Today's M&A environment is much different than it was just two years ago.

"Choppy is probably the best way to describe it," says Gavin Slader, head of the investment bank for JMP, a Citizens company. "We're still seeing deals get done. We're still seeing big deals get done in the current M&A environment. But certainly, rising interest rates have created a universe of buyers that are taking a much harder look when thinking about potential acquisitions. And layer on top of that some of the broader macroeconomic uncertainty, both domestic and abroad, and we're in an environment where folks are just a little bit more cautious about the deals that they get done and are certainly taking more time to do diligence and ultimately execute those transactions."

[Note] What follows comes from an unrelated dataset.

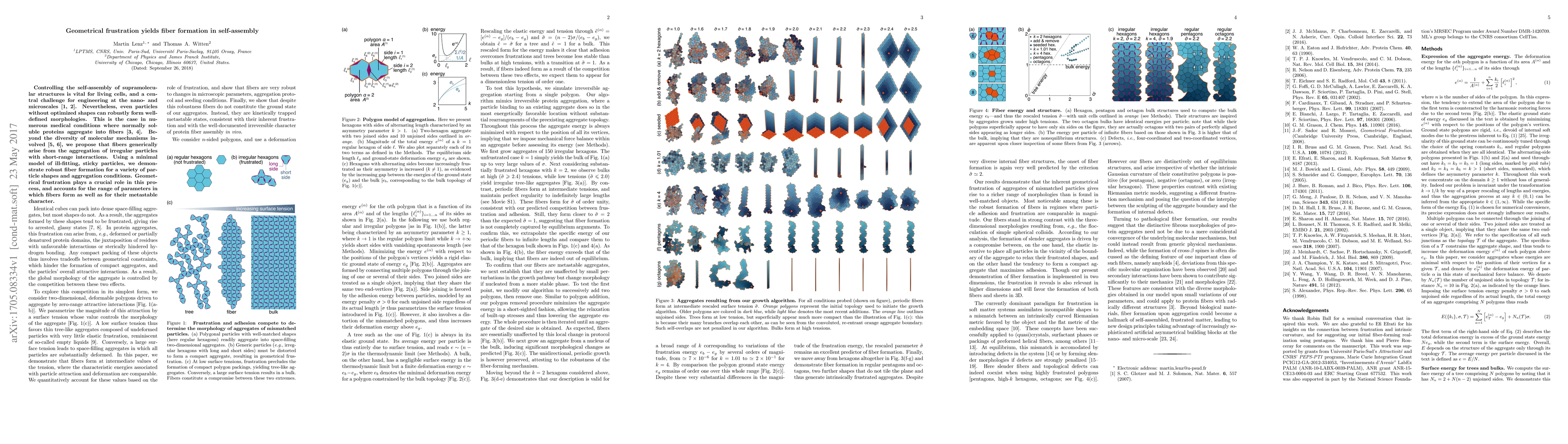 This paper demonstrates that geometrical frustration leads to the formation of fibers in the self-assembly of irregular particles with short-range interactions, regardless of particle shape. The study highlights the role of geometrical frustration in the formation and metastability of these fibers.

Two years ago, it was an environment of pretty easy money. Interest rates weren't yet on the rise and though COVID created uncertainty, the economy, he says, was actually humming along pretty well.

"You had business leaders that I think felt very front-footed about going out, executing transactions, growing their businesses inorganically. And with the end of 2021, we started to see that environment, change," he says. "We started to see the first signs of inflation creep in and then followed shortly thereafter by the Fed's response to that. As acquirers generally looked at their ability to execute transactions, and importantly, execute transactions that penciled out economically at a higher cost of interest, it started to be more difficult. We started to see growth slowing. And ultimately we saw a lot of firms start to become more inwardly focused as they thought about operating their own business and maximizing their own operation as opposed to going out and actively pursuing acquisition opportunities to either grow their business or grow their footprint."

Slader spoke on the Smart Business Dealmakers Podcast, offering his state of M&A — an overview of the conditions dealmakers are facing and predictions for how the 2023 deal year finishes up.